Generative models have recently made remarkable progress in the field of 3D objects. However, their practical application in fields like engineering remains limited since they fail to deliver the accuracy, quality, and controllability needed for domain-specific tasks. Fine-tuning large generative models is a promising perspective for making these models available in these fields. Creating high-quality, domain-specific 3D datasets is crucial for fine-tuning large generative models, yet the data filtering and annotation process remains a significant bottleneck. We present MeshFleet, a filtered and annotated 3D vehicle dataset extracted from Objaverse-XL, the most extensive publicly available collection of 3D objects. Our approach proposes a pipeline for automated data filtering based on a quality classifier. This classifier is trained on a manually labeled subset of Objaverse, incorporating DINOv2 and SigLIP embeddings, refined through caption-based analysis and uncertainty estimation. We demonstrate the efficacy of our filtering method through a comparative analysis against caption and image aesthetic score-based techniques and fine-tuning experiments with SV3D, highlighting the importance of targeted data selection for domain-specific 3D generative modeling.

Paper Structure

This paper contains 21 sections, 16 figures, 2 tables.

Figures (16)

  • Figure 1: Simplyfied overview of the quality assessment process to generate the MeshFleet Dataset. We render 4 views of each object from high-quality objaverse-XL subsets. We use object detection, clustering and text based filtering to generate a subset of vehicle candidate objects which are subsequently labeled. We then train the High-Quality Car Classifier using the labeled 3D-Car-Quality Dataset. After training we used the trained classifiert to automatically generate the High-Quality Car Dataset which is finally manually reviwed and annotated.

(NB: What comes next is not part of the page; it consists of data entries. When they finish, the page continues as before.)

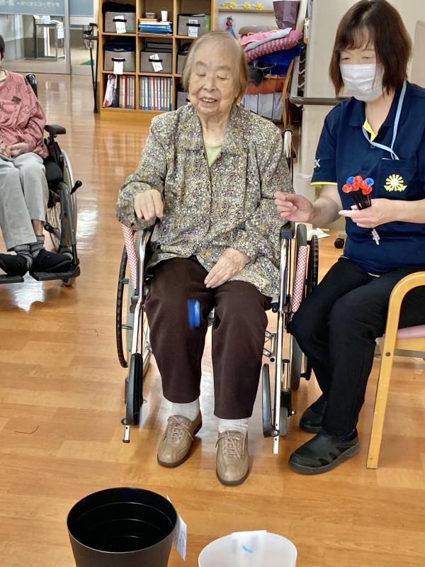 今日のレクは、投壺です。1人9投投げています。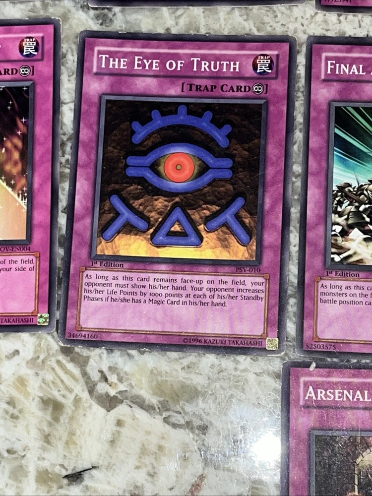 Year Manufactured: 1996 Set: Invasion of Chaos, Legend of Blue Eyes White Dragon, Magician's Force, Metal Raiders, Pharaoh's Servant, Pharaonic Guardian Vintage: Yes Manufacturer: Konami Features: 1st Edition, Unlimited Age Level: 8+ Attribute/MTG:Color: Dark, Light, Dragon Language: English Number of Cards: 57 Card Type: Effect, Fusion, Trap, Union Card Size: Standard Game: Yu-Gi-Oh! TCG Finish: Foil, Holo, Regular Card Condition: Excellent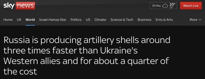 تنتج روسيا قذائف مدفعية أسرع بنحو ثلاث مرات من إنتاج حلفاء أوكرانيا الغربيين وبنحو ربع التكلفة

  • Figure 2: Example views of two vehicles from the Validation set. With the original render (top), SV3D without fine-tuning generated (2nd row), SV3D with Label 4 fine-tuning (3rd row), Label 3 fine-tuning (4th row), Label 2 fine-tuning (5th row), and MeshFleet fine-tuning (6th row).

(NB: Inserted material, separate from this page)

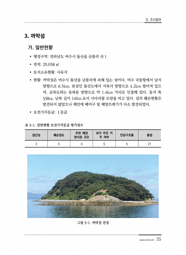 II. 조사결과 www.nie.re.kr ? 55 3. ? 행정구역전라남도 여수시 돌산읍 금봉리 산 1 ? 면적29,058 ㎡ ? 토지소유현황사유지 ? 현황까막섬은 여수시 돌산읍 금봉리에 속해 있는 섬이다. 여수 국동항에서 남서 방향으로 6.5km, 본섬인 돌산도에서 서북서 방향으로 4.2km 떨어져 있으 며, 금죽도와는 동북동 방향으로 약 1.4km 거리로 인접해 있다. 동서 폭 338m, 남북 길이 140m 로서 사다리꼴 모양을 띠고 있다. 섬의 훼손현황은 발견되지 않았으나 해안에 폐어구 및 해양쓰레기가 다소 발견되었다. ? 보전가치등급Ⅰ등급 접근성 훼손정도 주변 해양 양식장 규모 과거 주민 거 주 여부 인공구조물 총점 3 5 3 5 5 21 표 3-1. 일반현황 보전가치등급 평가점수 그림 3-1. 까막...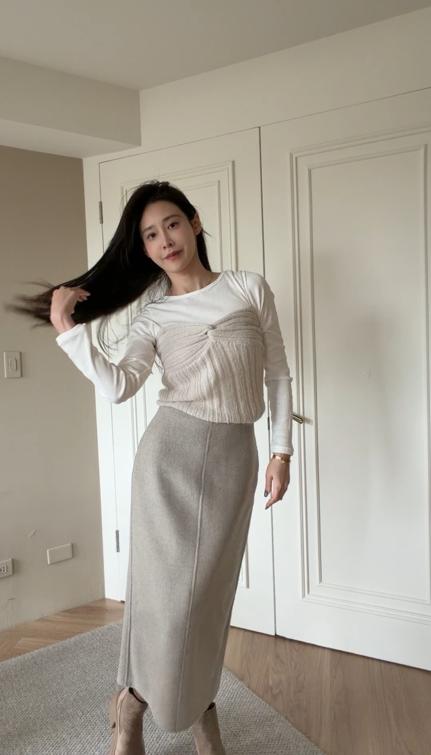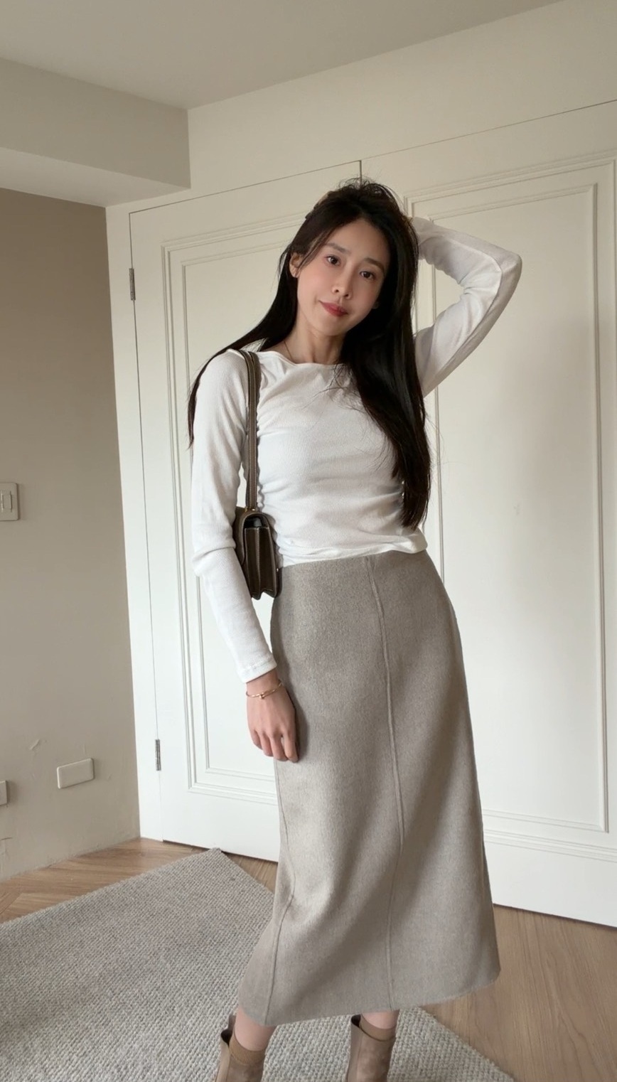 這款 羊絨 A 字長裙 採用細緻羊絨混紡面料

  • Figure 3: Comparison of the labels from the manual quality labeling (from label 1 to label 5) to the Aesthetic Scores from TRELLIS500K xiang2024structured. The plot shows the frequency of aesthetic scores at the different quality labels. We only include data which are described as a car based on the caption from TRELLIS500K.

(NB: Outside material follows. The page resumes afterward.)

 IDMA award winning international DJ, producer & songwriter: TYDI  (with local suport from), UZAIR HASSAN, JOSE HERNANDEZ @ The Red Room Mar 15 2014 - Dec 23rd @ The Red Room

  • Figure 4: Relative amount of objects in each label categorie for the final dataset we used for training and testing the vehicle classification model. The total amount of objects in the dataset is $6200$. Example objects for each label are shown inside each corresponding section.
  • Figure 5: Distribution of vehicle categories within the MeshFleet dataset. The bar chart displays the frequency of each vehicle category (e.g., Sports Car, Coupe, SUV, Sedan) present in the dataset. The x-axis labels indicate the category, and the y-axis represents the number of 3D models belonging to that category.